Out of these logs, the UDP ones are for IP multicast/broadcast traffic,
those will still get flooded and potentially hit the resubmit limit -
none of the changes we tried tackle that.  I also don't think that
should cause much issues (aside from the vswitchd logs) though.

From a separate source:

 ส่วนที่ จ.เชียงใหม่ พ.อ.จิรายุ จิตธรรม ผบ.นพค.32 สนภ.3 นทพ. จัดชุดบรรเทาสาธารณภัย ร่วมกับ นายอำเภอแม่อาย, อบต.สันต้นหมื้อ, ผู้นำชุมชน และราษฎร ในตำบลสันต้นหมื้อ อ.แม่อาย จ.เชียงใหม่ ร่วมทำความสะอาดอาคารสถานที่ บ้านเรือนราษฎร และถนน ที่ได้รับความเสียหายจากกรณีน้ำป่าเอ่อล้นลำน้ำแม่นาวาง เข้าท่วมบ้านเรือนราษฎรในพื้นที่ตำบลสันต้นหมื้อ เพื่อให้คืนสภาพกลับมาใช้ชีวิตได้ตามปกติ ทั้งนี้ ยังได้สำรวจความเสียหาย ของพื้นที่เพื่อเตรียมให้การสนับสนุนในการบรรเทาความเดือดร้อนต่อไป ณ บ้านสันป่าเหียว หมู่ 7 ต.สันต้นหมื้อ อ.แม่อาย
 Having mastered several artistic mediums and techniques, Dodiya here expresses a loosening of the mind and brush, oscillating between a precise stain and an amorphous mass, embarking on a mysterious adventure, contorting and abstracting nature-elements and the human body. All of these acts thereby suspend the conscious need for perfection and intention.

The only other packet I see logged there is:

2025-04-06T18:10:39.616Z|2159336|ofproto_dpif_xlate|WARN|over 4096
resubmit actions on bridge br-int while processing
arp,in_port=CONTROLLER,vlan_tci=0x0000,dl_src=fa:16:3e:63:3e:92,dl_dst=ff:ff:ff:ff:ff:ff,arp_spa=185.255.178.116,arp_tpa=185.255.178.116,arp_op=1,arp_sha=fa:16:3e:63:3e:92,arp_tha=00:00:00:00:00:00
2025-04-06T18:33:24.414Z|00125|ofproto_dpif_xlate(handler62)

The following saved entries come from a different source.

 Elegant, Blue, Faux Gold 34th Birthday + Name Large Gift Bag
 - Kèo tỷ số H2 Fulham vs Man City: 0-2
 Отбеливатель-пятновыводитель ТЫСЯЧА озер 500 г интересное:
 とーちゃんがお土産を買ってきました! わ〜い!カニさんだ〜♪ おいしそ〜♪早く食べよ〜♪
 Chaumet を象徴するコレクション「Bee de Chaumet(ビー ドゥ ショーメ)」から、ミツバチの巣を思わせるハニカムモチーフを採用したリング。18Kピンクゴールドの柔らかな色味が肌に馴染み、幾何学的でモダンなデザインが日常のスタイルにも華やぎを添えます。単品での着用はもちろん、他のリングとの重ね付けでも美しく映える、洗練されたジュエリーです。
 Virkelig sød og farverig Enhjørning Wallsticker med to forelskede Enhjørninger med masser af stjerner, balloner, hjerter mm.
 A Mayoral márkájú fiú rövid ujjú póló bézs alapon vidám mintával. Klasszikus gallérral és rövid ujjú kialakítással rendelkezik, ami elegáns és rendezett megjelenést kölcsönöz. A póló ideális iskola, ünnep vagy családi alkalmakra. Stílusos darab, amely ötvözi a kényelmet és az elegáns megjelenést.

This is a GARP (originated by ovn-controller) and in theory should not
be flooded with the change from
https://github.com/dceara/ovn/commits/refs/heads/tmp-branch-24.09-revert-mg-split/.

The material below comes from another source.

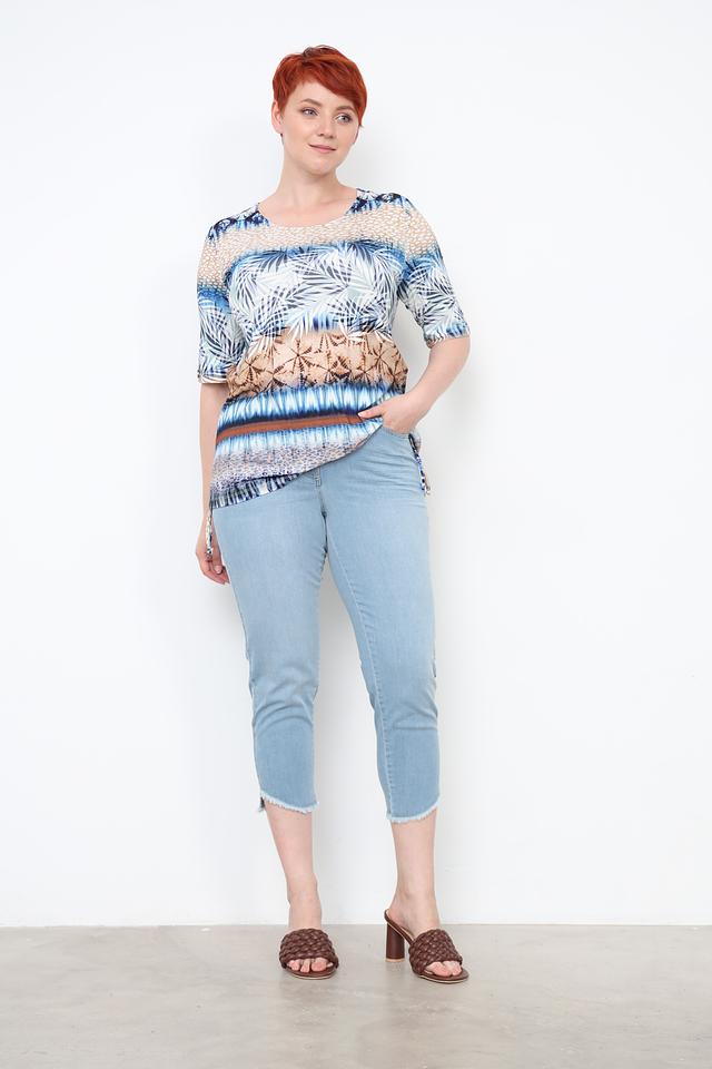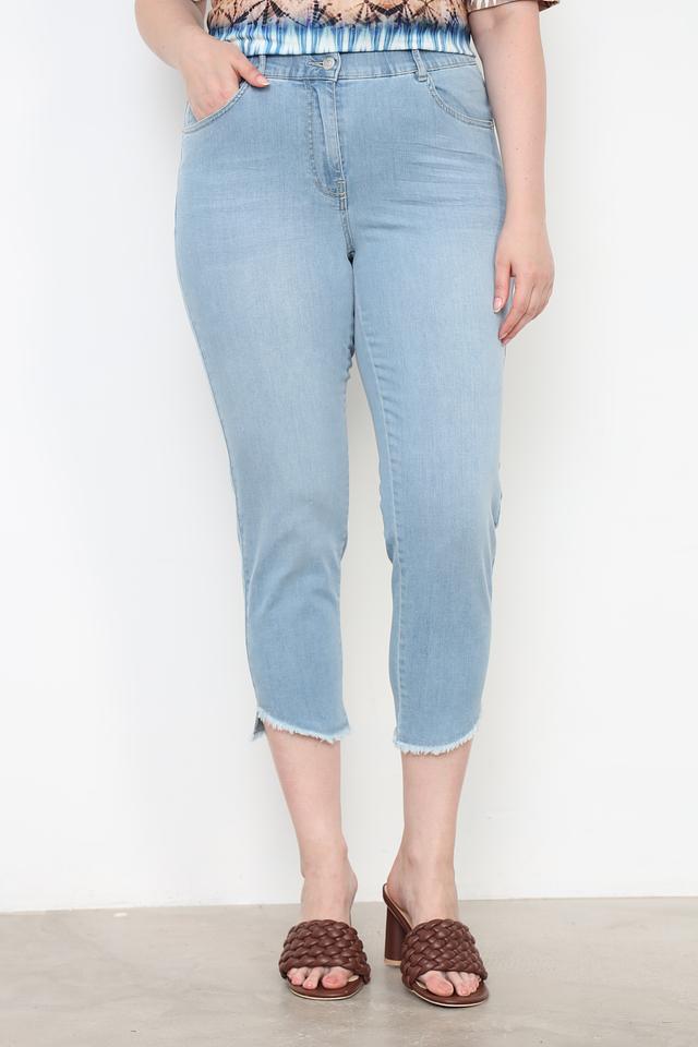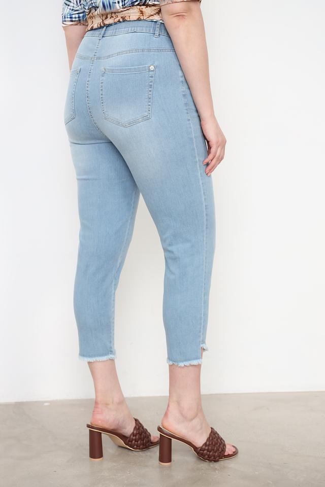 Джинсы имеют укороченный крой, который идеально подходит для создания модных образов в тёплое время года. Эластичный пояс обеспечивает комфортную посадку по фигуре, не стесняя движений. Классическая застёжка на пуговицу и молнию дополняет функциональность модели.

Just to double check, have you also upgraded ovn-northd to the patched
version?  That's required because the changes in the last commit on my
branch are for ovn-northd.

Yes, i've uploaded compiled ovn-controller as well as ovn-northd using your branch to containers and then restarted both containers. I will get my hands on this today again. Should I clear ovs database after updating binaries in containers before restarting them for recomputing? While i seeing resubmit messages and datapath drop actions, ovn-controller replies with DHCPOFFER/DHCPACK.
Could logs like follow mean something important in this case?

Final flow:
udp,reg0=0x8000,reg10=0x1000,reg11=0x2,reg12=0x3,reg13=0x5d,reg14=0x2ac,metadata=0x2,in_port=277,vlan_tci=0x0000,dl_src=fa:16:3e:24:f1:f7,dl_dst=ff:ff:ff:ff:ff:ff,nw_src=83.217.210.148,nw_dst=83.217.210.255,nw_tos=0,nw_ecn=0,nw_ttl=64,nw_frag=no,tp_src=137,tp_dst=137
Megaflow:
recirc_id=0,eth,ip,in_port=277,dl_src=fa:16:3e:24:f1:f7,nw_frag=no
Datapath actions: drop

On 08.04.2025 13:24, Dumitru Ceara wrote:
On 4/6/25 8:37 PM, Ilia Baikov wrote:
Hello,
Hi Ilia,

I've compiled OVN using provided branch with both patches included and
migrated some VMs to host with L3 networking to see what going to happen.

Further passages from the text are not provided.